## HOW TO COMPLETE THIS TASK
Copy all of the entries that follow, exactly.

## SOURCE RECORDS
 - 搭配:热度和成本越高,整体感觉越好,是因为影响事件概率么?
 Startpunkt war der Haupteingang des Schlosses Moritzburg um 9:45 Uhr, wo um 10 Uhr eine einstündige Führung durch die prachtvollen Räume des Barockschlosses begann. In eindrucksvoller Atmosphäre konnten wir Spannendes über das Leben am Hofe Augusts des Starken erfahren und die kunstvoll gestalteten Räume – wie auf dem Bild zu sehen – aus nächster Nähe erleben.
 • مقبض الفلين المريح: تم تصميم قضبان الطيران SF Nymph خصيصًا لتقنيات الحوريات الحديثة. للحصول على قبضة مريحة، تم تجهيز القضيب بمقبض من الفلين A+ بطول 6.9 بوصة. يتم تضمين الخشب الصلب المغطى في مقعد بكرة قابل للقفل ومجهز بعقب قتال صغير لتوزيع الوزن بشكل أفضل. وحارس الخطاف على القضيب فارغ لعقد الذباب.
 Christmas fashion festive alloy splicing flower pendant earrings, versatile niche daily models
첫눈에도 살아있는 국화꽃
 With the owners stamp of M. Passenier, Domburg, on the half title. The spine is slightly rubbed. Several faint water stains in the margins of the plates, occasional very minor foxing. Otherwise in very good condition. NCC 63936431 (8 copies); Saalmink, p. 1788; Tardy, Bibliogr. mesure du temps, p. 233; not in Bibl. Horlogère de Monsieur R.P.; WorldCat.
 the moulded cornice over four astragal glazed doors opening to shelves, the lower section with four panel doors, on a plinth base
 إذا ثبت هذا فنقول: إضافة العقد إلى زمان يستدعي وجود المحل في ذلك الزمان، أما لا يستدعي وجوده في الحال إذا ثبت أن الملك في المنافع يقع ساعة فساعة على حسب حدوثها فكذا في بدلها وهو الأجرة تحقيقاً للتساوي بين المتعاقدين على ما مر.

## EXERCISE SOLUTION
 - 搭配:热度和成本越高,整体感觉越好,是因为影响事件概率么?
 Startpunkt war der Haupteingang des Schlosses Moritzburg um 9:45 Uhr, wo um 10 Uhr eine einstündige Führung durch die prachtvollen Räume des Barockschlosses begann. In eindrucksvoller Atmosphäre konnten wir Spannendes über das Leben am Hofe Augusts des Starken erfahren und die kunstvoll gestalteten Räume – wie auf dem Bild zu sehen – aus nächster Nähe erleben.
 • مقبض الفلين المريح: تم تصميم قضبان الطيران SF Nymph خصيصًا لتقنيات الحوريات الحديثة. للحصول على قبضة مريحة، تم تجهيز القضيب بمقبض من الفلين A+ بطول 6.9 بوصة. يتم تضمين الخشب الصلب المغطى في مقعد بكرة قابل للقفل ومجهز بعقب قتال صغير لتوزيع الوزن بشكل أفضل. وحارس الخطاف على القضيب فارغ لعقد الذباب.
 Christmas fashion festive alloy splicing flower pendant earrings, versatile niche daily models
첫눈에도 살아있는 국화꽃
 With the owners stamp of M. Passenier, Domburg, on the half title. The spine is slightly rubbed. Several faint water stains in the margins of the plates, occasional very minor foxing. Otherwise in very good condition. NCC 63936431 (8 copies); Saalmink, p. 1788; Tardy, Bibliogr. mesure du temps, p. 233; not in Bibl. Horlogère de Monsieur R.P.; WorldCat.
 the moulded cornice over four astragal glazed doors opening to shelves, the lower section with four panel doors, on a plinth base
 إذا ثبت هذا فنقول: إضافة العقد إلى زمان يستدعي وجود المحل في ذلك الزمان، أما لا يستدعي وجوده في الحال إذا ثبت أن الملك في المنافع يقع ساعة فساعة على حسب حدوثها فكذا في بدلها وهو الأجرة تحقيقاً للتساوي بين المتعاقدين على ما مر.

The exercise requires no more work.